The students listed in the complaint include “T.S.”, a 15-year-old black student described as introverted and mild-mannered. His problems with school authorities began after he cut in line at lunch one day and drew the attention of a security officer, who grabbed his arm. When T.S. tried to pull away, the officer twisted his arm behind his back, pushed him over a 4-foot dividing wall, and led him out of the cafeteria in handcuffs, the complaint said.

T.S. was suspended for three days. When he returned to school, some fellow students assaulted him, knocking him to the ground and jumping on him, for reasons that aren’t explained in the complaint. The same officer who had handcuffed him three days earlier then pepper-sprayed his face. T.S. was handcuffed again, and ordered to appear in juvenile court and spend nine months on probation.

In another alleged incident, a 15-year-old black student with attention deficit hyperactivity disorder punched a student who had hit him and used a racial slur against him, the complaint said. He was sent to juvenile court, where he agreed to a plea deal that resulted in six months of probation, 24 hours of community service, and a juvenile delinquency record.

A spokeswoman for the Wake County Public School System said the district's leadership is still reviewing the complaint. Representatives for the Raleigh Police Department and the Wake County Sheriff’s Office, whose officers are among the security personnel posted at district schools, said they had not seen the complaint and weren’t ready to comment.

The presence of law-enforcement officers in schools throughout the country has grown in recent years, according to Nancy Trevino, a spokeswoman for the Dignity in Schools Campaign, a group that advocates on behalf of students who are removed from schools because of disciplinary issues.

“What we’re seeing in Wake County isn’t something that’s exclusive to North Carolina, but more of a national trend,” she said.

Activists call it the “school-to-prison pipeline,” and they attribute its growth to fears of school violence.

“It stems from the heavy saturation of the public with images of juvenile predators and high-profile school shootings that started with Columbine and has increased since then,” said Jason Langberg, an attorney with Advocates for Children's Services, a project of Legal Aid of North Carolina.

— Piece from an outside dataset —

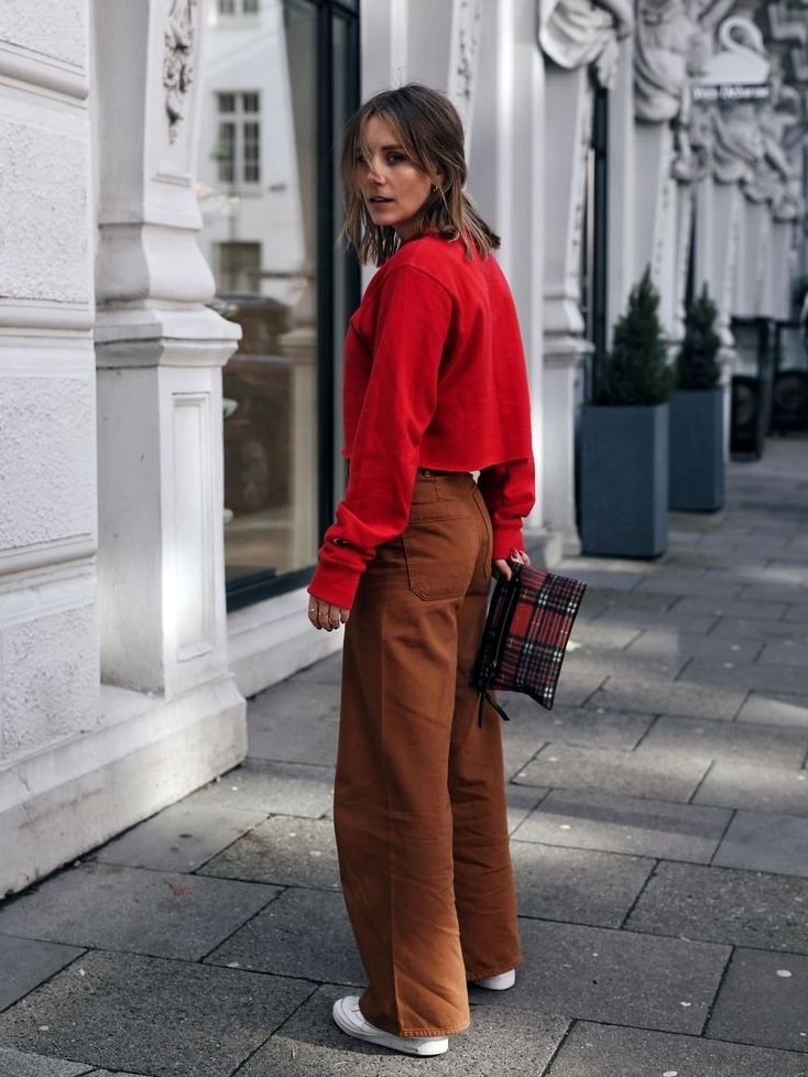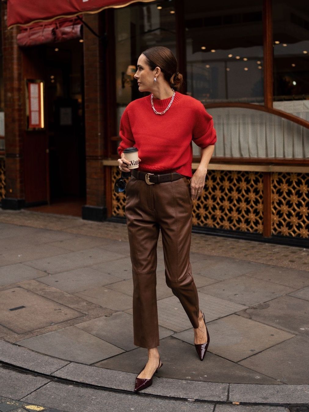 Глибокий червоний светр із вовняними коричневими штанами створюють відчуття динаміки у русі. Червона шкіряна спідниця та матове шоколадне пальто разом виглядають сучасно й гармонійно. Для неформальних виходів підійде поєднання червоного трикотажного кардигана з коричневими джинсами та ботильйонами у кремовому кольорі. Якщо хочеться мінімалістичного акценту, обмежтеся червоними рукавицями або шапкою.

Earlier this month, the Obama administration issued the first federal legal guidance on school discipline, instructing school administrators to use harsh punishments only as a last resort and to avoid discrimination.

Langberg said he hopes the DOJ will follow up the North Carolina complaint with an investigation. That would pressure schools to increase oversight of officers and to embrace “positive and productive alternatives to arrests and court referrals,” he said.

He referred to Meridian, Miss., where the DOJ recently reached an agreement with the local school district to limit the number of suspensions, expulsions and arrests, and to restrict the use of school police officers to handle disciplinary problems.

"We’re certainly going to want to see some of that here,” he said.